--- TASK REQUIREMENTS ---
The reply is to contain the full listing, repeated exactly, with pictures left out.

--- EXTRACTED DATA ---

··········

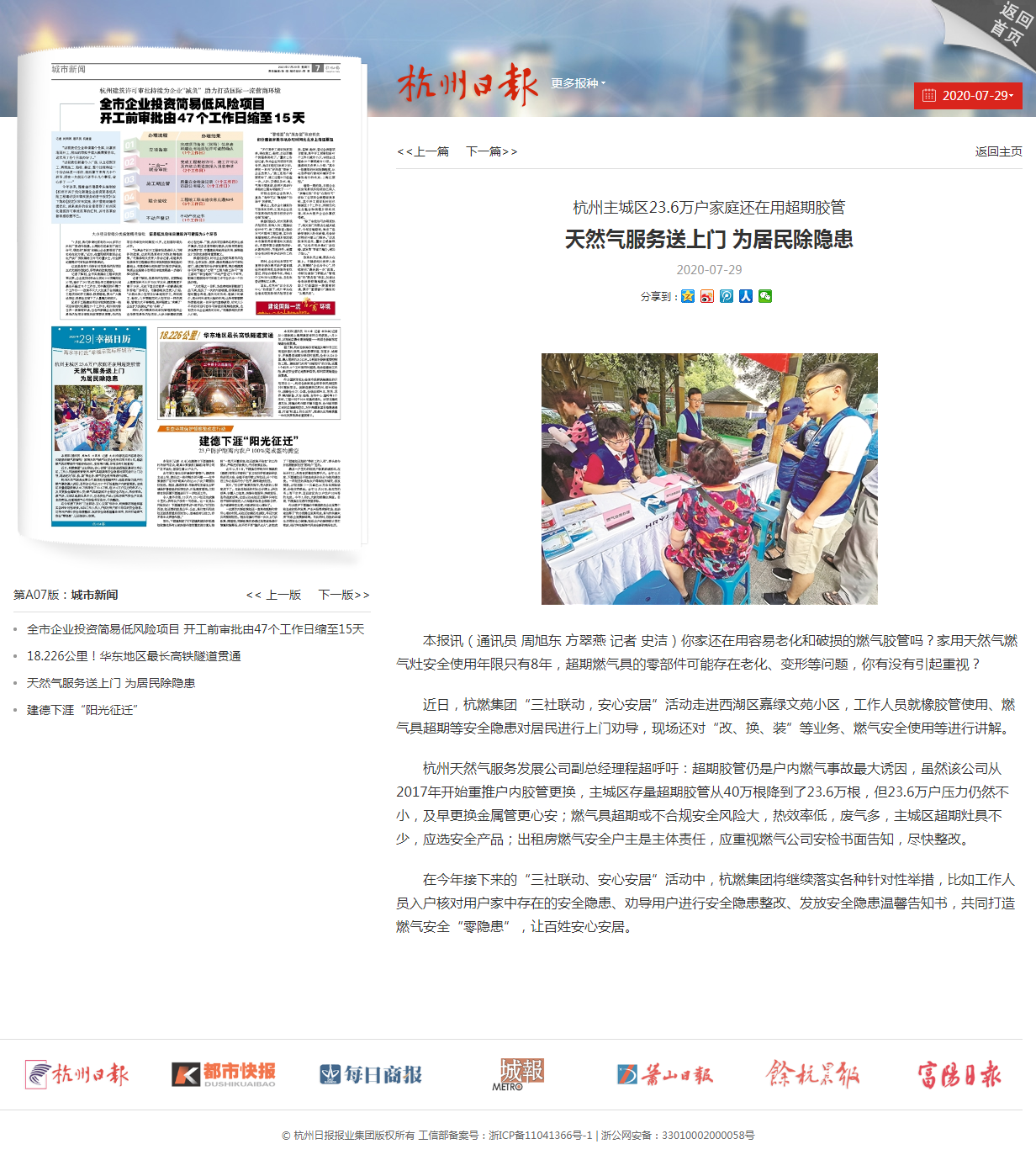 本报讯(通讯员 周旭东 方翠燕 记者 史洁)你家还在用容易老化和破损的燃气胶管吗?家用天然气燃气灶安全使用年限只有8年,超期燃气具的零部件可能存在老化、变形等问题,你有没有引起重视?
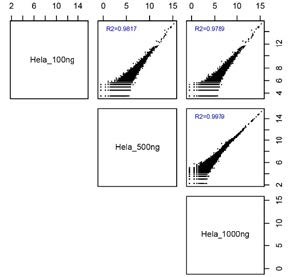 分别使用100ng、500ng、1ug作为建库起始量,并将不同建库起始量的测序结果进行相关性分析。
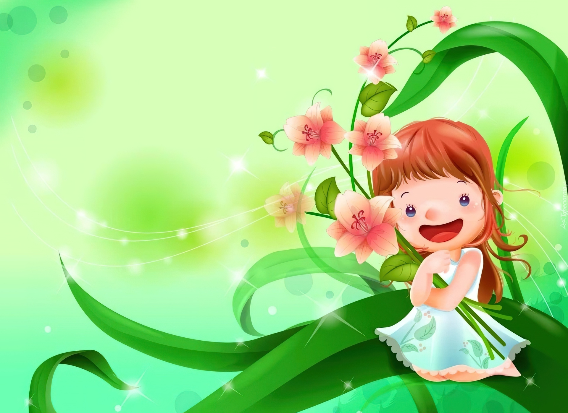 Edytor tapety: Dziewczynka, Różowe, Kwiaty, Liście
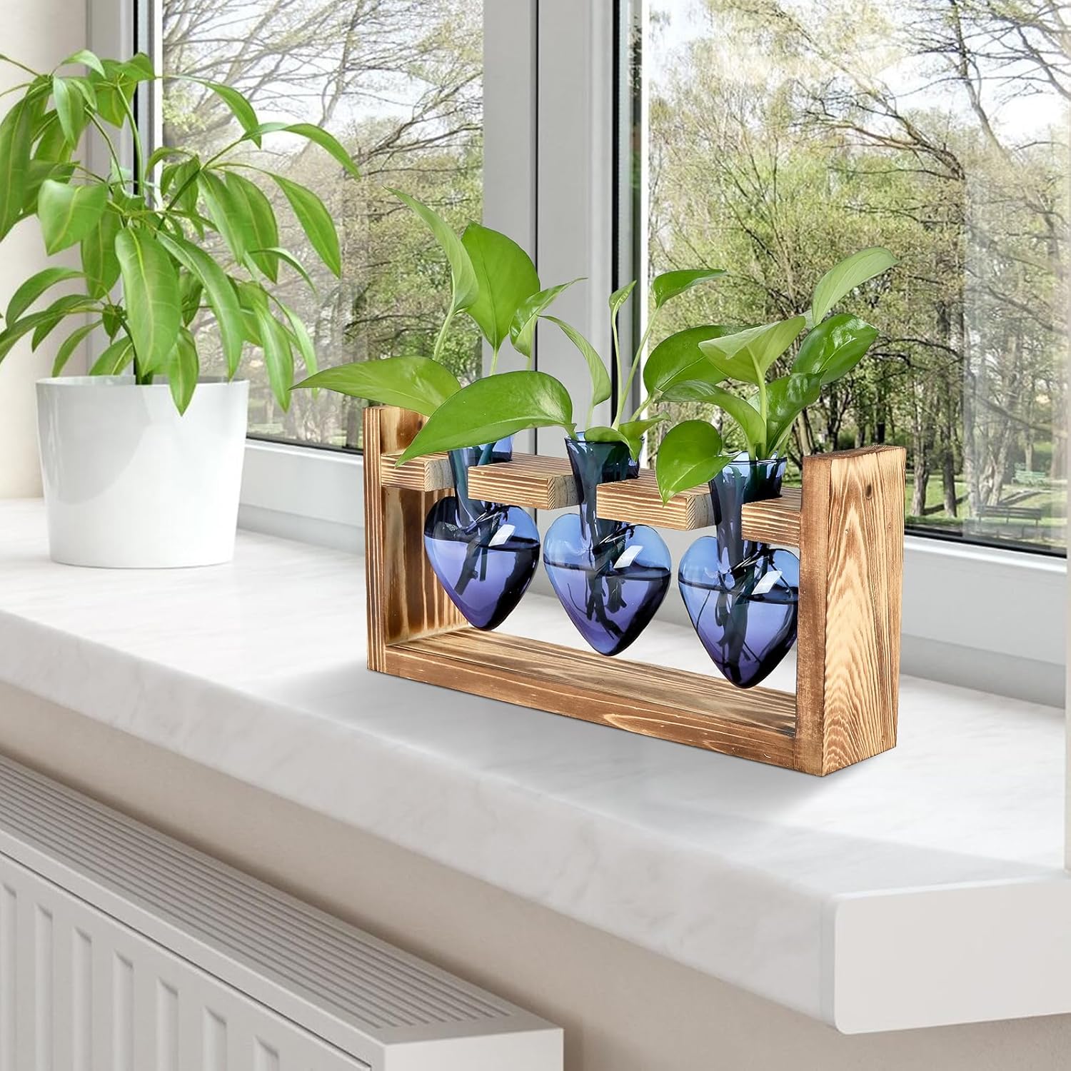 Plant Terrarium Propagation Stations Hydroponics Home Garden Decoration Gift for Women with Wooden Stand Heart Shaped Colored Glass Vase
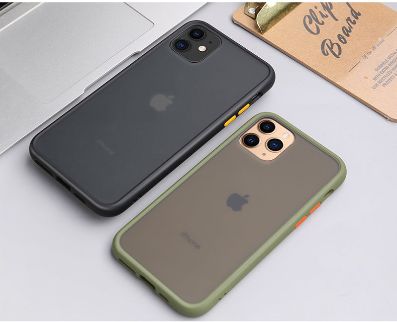 Matte Translucent Phone Case for iPhone X XR 11 Pro XS MAX 7 8 6S 6 Plus Hybrid TPU PC Shockproof Cover Full Protection Case

··········

--- WRITTEN ANSWER ---
 本报讯(通讯员 周旭东 方翠燕 记者 史洁)你家还在用容易老化和破损的燃气胶管吗?家用天然气燃气灶安全使用年限只有8年,超期燃气具的零部件可能存在老化、变形等问题,你有没有引起重视?
 分别使用100ng、500ng、1ug作为建库起始量,并将不同建库起始量的测序结果进行相关性分析。
 Edytor tapety: Dziewczynka, Różowe, Kwiaty, Liście
 Plant Terrarium Propagation Stations Hydroponics Home Garden Decoration Gift for Women with Wooden Stand Heart Shaped Colored Glass Vase
 Matte Translucent Phone Case for iPhone X XR 11 Pro XS MAX 7 8 6S 6 Plus Hybrid TPU PC Shockproof Cover Full Protection Case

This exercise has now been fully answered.